Ricomincia tutto da capo. Ricomincio da Vienna.

Dall’aeroporto al belvedere

Vienna-Schwechat, aeroporto internazionale. Ascolto la voce calma della hostess che ti congeda con lo stesso tono con cui ti spiegava le procedure per salvarsi in caso di incidente mortale.

Sorrido e penso che lo scontro mortale in realtà c’è stato: collisione tra la tua vita passata e Vienna, tra il vociare milanese e il silenzio austriaco. Tensioni accumulate in anni si sciolgono in pochi istanti: fuori nevica.
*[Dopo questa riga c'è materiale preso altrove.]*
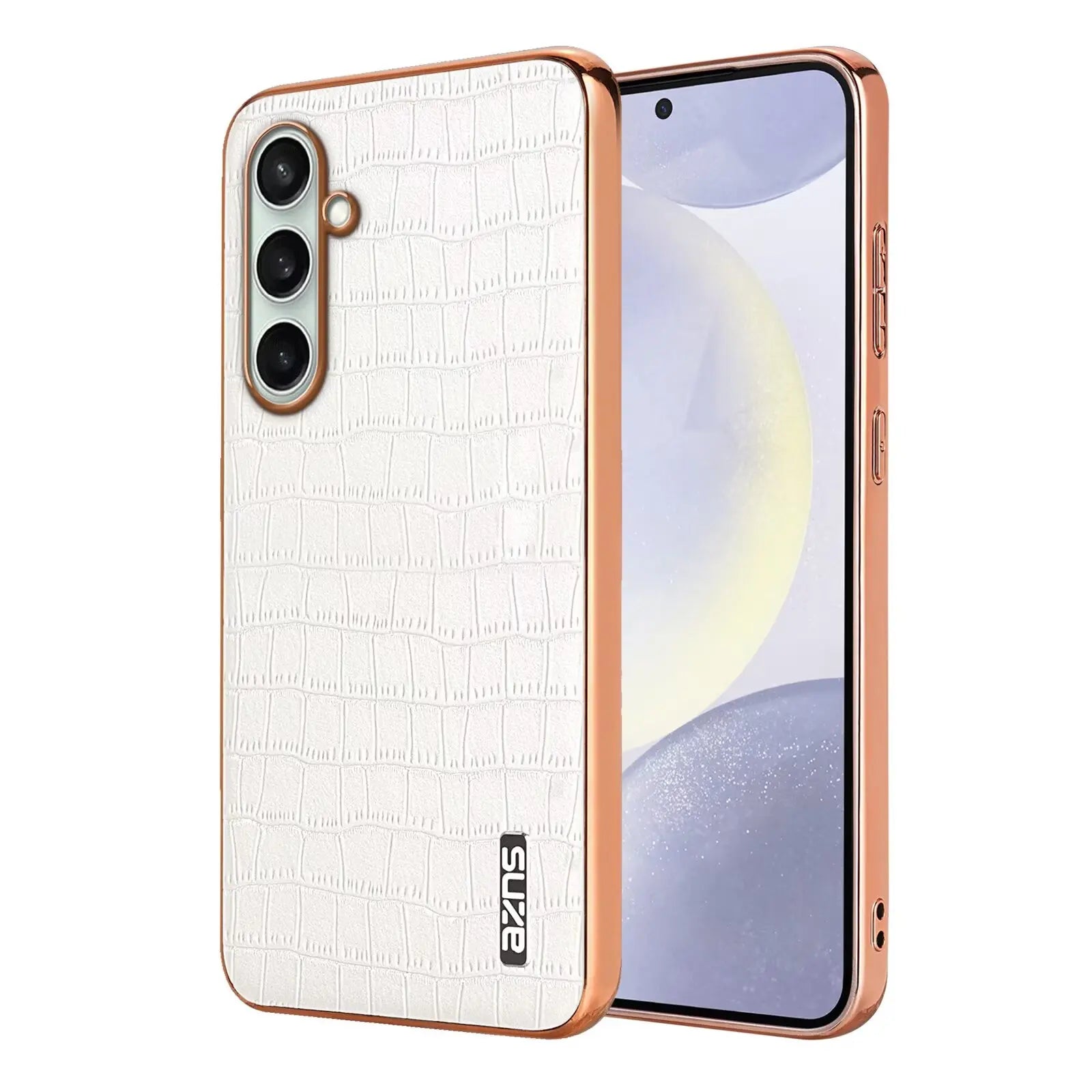 The LuxEdge Shield offers a stylish blend of luxury and durability with its plating bumper frame and premium leather texture. Designed specifically for the Samsung Galaxy S25 Edge, S25 Ultra, S25 Plus, and earlier models like S24, S23, S22 Plus, and S21 FE, this case delivers 360° protection without sacrificing elegance. It features precise camera cutouts, shock-resistant edges, and a comfortable grip for everyday use.
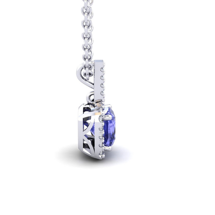 This stunning gemstone and halo diamond necklace features one 7x7mm cushion cut tanzanite gemstone at 1.50 carats. It is surrounded by 24 sparkling diamonds in a halo in I-J color, SI2-I1 clarity at 0.24 carats. Total gem weight is 1.74 carats. This necklace is crafted in 14 karat white gold and comes with an 18 inch cable chain with spring-ring clasp.
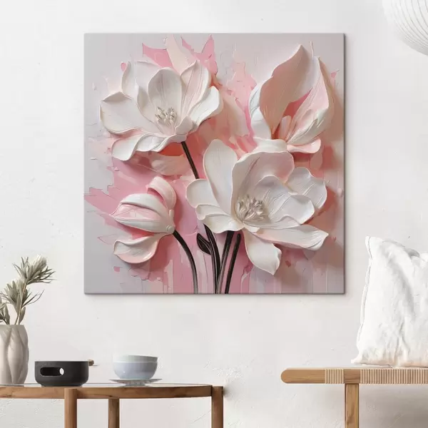 Drei Materialtypen stehen zur Verfügung: Economic Canvas - ein dichtes und haltbares Material für den Digitaldruck, identisch mit Malerleinwand, wasserfeste Oberfläche, realistische Wiedergabe von Details, mittelkörniges Material. Premium Canvas - die Textur ähnelt der einer Malerleinwand (verwobene kleine Fäden). Weiche, detaillierte Wiedergabe des Bildes auf einer matten Oberfläche. Eco-Premium - hochwertiges Gewebe aus 100% Baumwolle. Dank der natürlichen Baumwollfasern ist das Material langlebig und verschleißfest. Hervorragende Farbwiedergabe und Detailtreue.
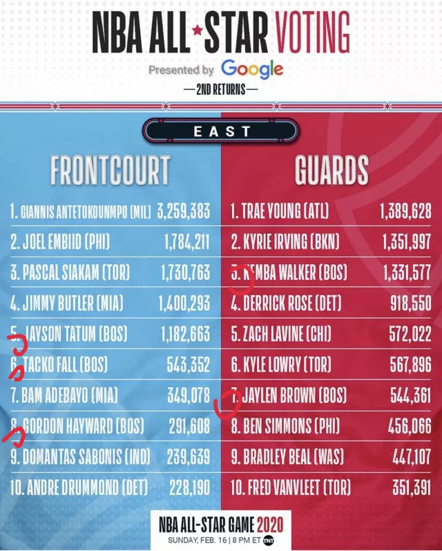 通过目前全明星投票来看,东部榜上名单中有五人是我绿军悍将,数量名列联盟第一,从中可以看出虽然腾讯体育中绿军球迷少一点。但世界范围内喜欢这只老牌强队的人大有人在。
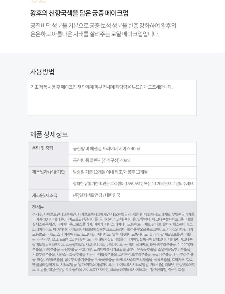 | 4. 사용방법 | 기초 제품 사용 후 메이크업 첫 단계에 피부 전체에 적당량을 부드럽게 도포해줍니다. |
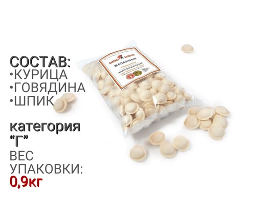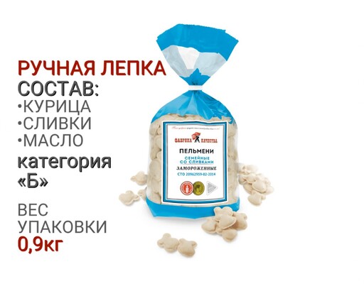 Нежный вкус и сбалансированный состав. Выигрышное сочетание свежих сливок и мяса курицы придётся по вкусу самым придирчивым гурманам. А забавная форма этих пельмешек возбудит аппетит даже у малоежек. Энергетическая ценность (на 100 г. продукта) Белок – 13 г.; Жир – 5 г.; Углеводы: 22 г.; Калорийность: 190 ккал/780 кДж.. Годен: при температуре не выше минус 18°С - не более 6 месяцев. Способ приготовления Пельмени варят в большом количестве подсоленной кипящей воды небольшими порциями (на 1 кг пельменей - 4л воды и 40 г соли). В воду можно положить лук, лавровый лист, укроп, петрушку. Варка занимает 8-12 минут. После того, как пельмени всплывут, надо уменьшить нагрев, чтобы они не распались, и варить еще 3-5 минут. Пельмени можно также жарить, запекать в духовке или горшочках.
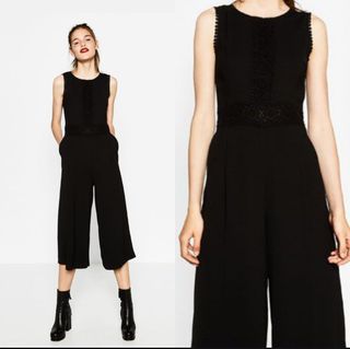 Mono negro tipo culotte con detalle de puntillas y encaje. Bolsillos laterales. Cierre por cremallera en la espalda.Talla S
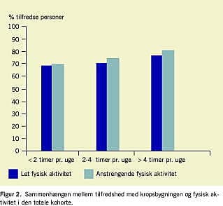 Der var en sammenhæng mellem tung fysisk aktivitet i arbejdssammenhæng og kropstilfredshed og ligeledes mellem kropstilfredshed og fysisk aktivitet i fritiden hos både mænd og kvinder, således at der var flest, der var tilfredse blandt dem, der udviste mest fysisk aktivitet. For tung fysisk aktivitet i fritiden var dette dog mere udtalt hos mændene (Figur 2 ).

Nevica ma tutto funziona e in poche ore passo dalla periferia all’eleganza del quartiere Landstraße, a sud del centro storico di Vienna.

Collegati da un ampio e geometrico giardino innevato sorgono i due castelli del Belvedere: il Belvedere superiore e il Belvedere inferiore.

Quasi cromaticamente indistinguibili dal resto del paesaggio bianco, rappresentano uno dei capolavori dell’architettura barocca austriaca. Progettati nel diciottesimo secolo dall’architetto Johann Lukas von Hildebrandt, divennero la residenza estiva del principe Eugenio di Savoia.

Percorro in silenzio la strada in salita: sulle statue bianche si poggia la neve come una seconda pelle, i corvi nero pece spiccano come macchie d’inchiostro sulle siepi innevate e tutto sembra rimanere immobile ed eterno. Come sotto un incantesimo l’aria rimane sospesa e tu cammini piano con la sensazione di essere in un altro tempo.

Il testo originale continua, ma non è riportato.